INSTRUCTIONS TO FOLLOW: What is needed is an exact copy of the lines from the one containing "- Kinder Happy" through the last line of the records below, with no pictures.

Items listed in a dataset
****************

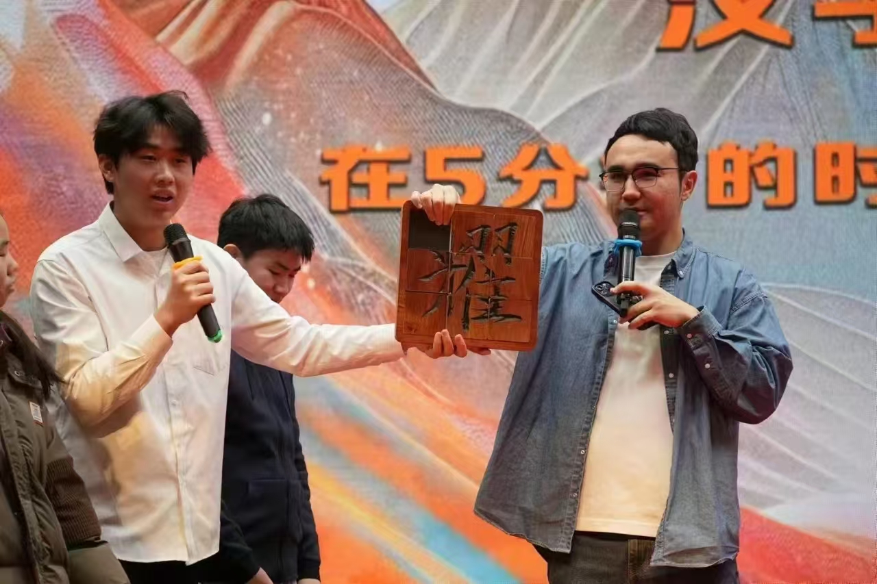分享活动选取了电视节目中备受欢迎的五个项目“汉字华容道”“识字大王”“成语接龙”“文史知识竞答”“飞花令”,邀请了全国四十强晋级五星选手——Beat365口腔医学院口腔医学2023-1班玉米提·吾司曼和新疆师范大学在读法学硕士研究生阿迪莱·阿布都克热木,与8名新医学子,组成两个对决战队——“胡杨学子”队和“啥都稀罕”队展开团队竞赛。
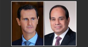 دمشق-سانا تلقى السيد الرئيس بشار الأسد اتصالاً هاتفياً من الرئيس عبد الفتاح السيسي رئيس جمهورية مصر العربية، جرى خلاله تبادل التهاني بمناسبة حلول شهر رمضان المبارك. وأعرب الرئيسان عن تمنياتهما للبلدين الشقيقين وشعبيهما وشعوب الأمتين العربية والإسلامية والعالم أجمع بالخير …
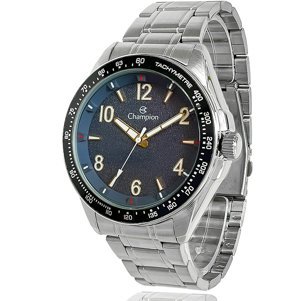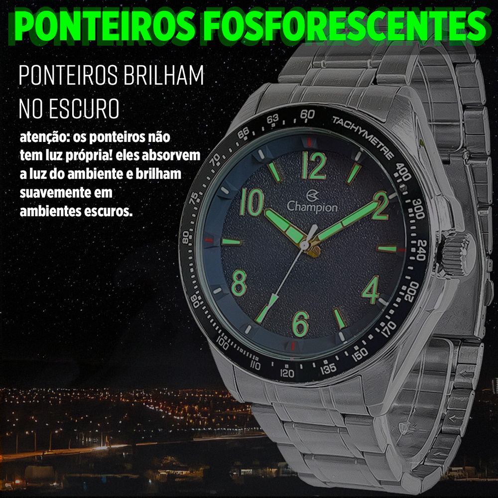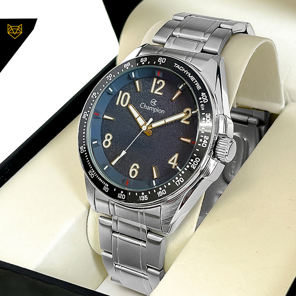 Relógio Champion Masculino Prata Preto Prova d'água com 1 ano de garantia
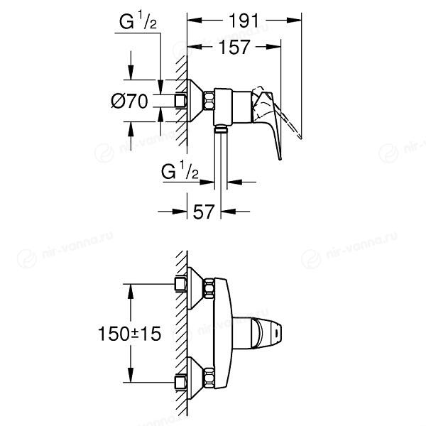 Смеситель для душа Grohe позволяет легко отрегулировать напор горячей и холодной воды и получить поток нужной температуры. Для изготовления прибора используется латунь — долговечный материал, устойчивый к поверхностным механическим повреждениям и окислению. Тип управления — рычажное — делает смеситель надежным и простым в использовании.
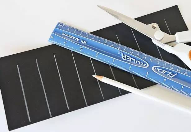 在彩纸上用铅笔画出均匀的刻度线,不要画满,留有一定的空白。
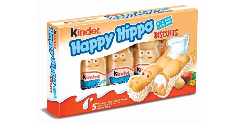 - Kinder Happy Hippo - вафельный батончик; в категории представлены разные версии и разное количество в упаковке.
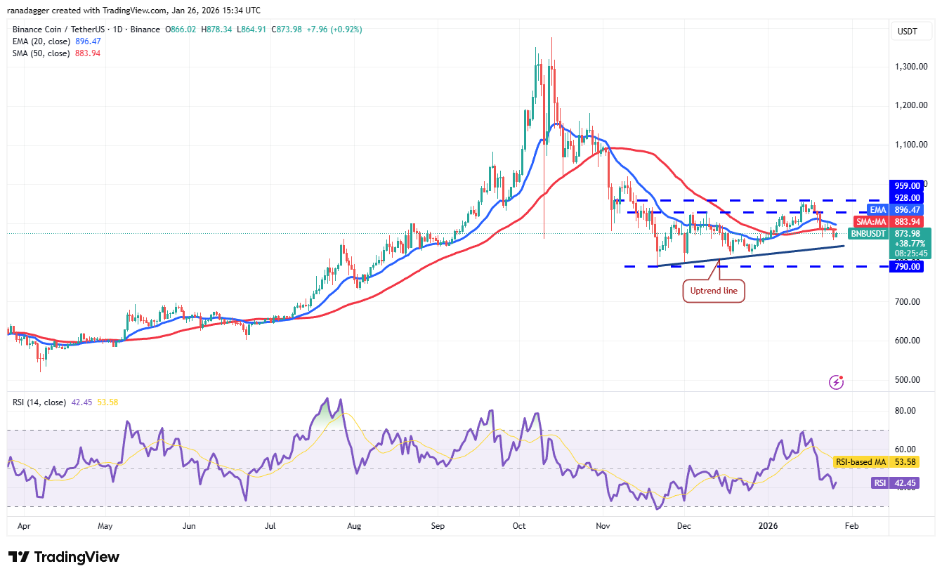 币安币(BNB)周日报收于50日SMA(883美元)下方,表明多头正在失去控制力。

****************

RESPONSE BELOW:
 - Kinder Happy Hippo - вафельный батончик; в категории представлены разные версии и разное количество в упаковке.
 币安币(BNB)周日报收于50日SMA(883美元)下方,表明多头正在失去控制力。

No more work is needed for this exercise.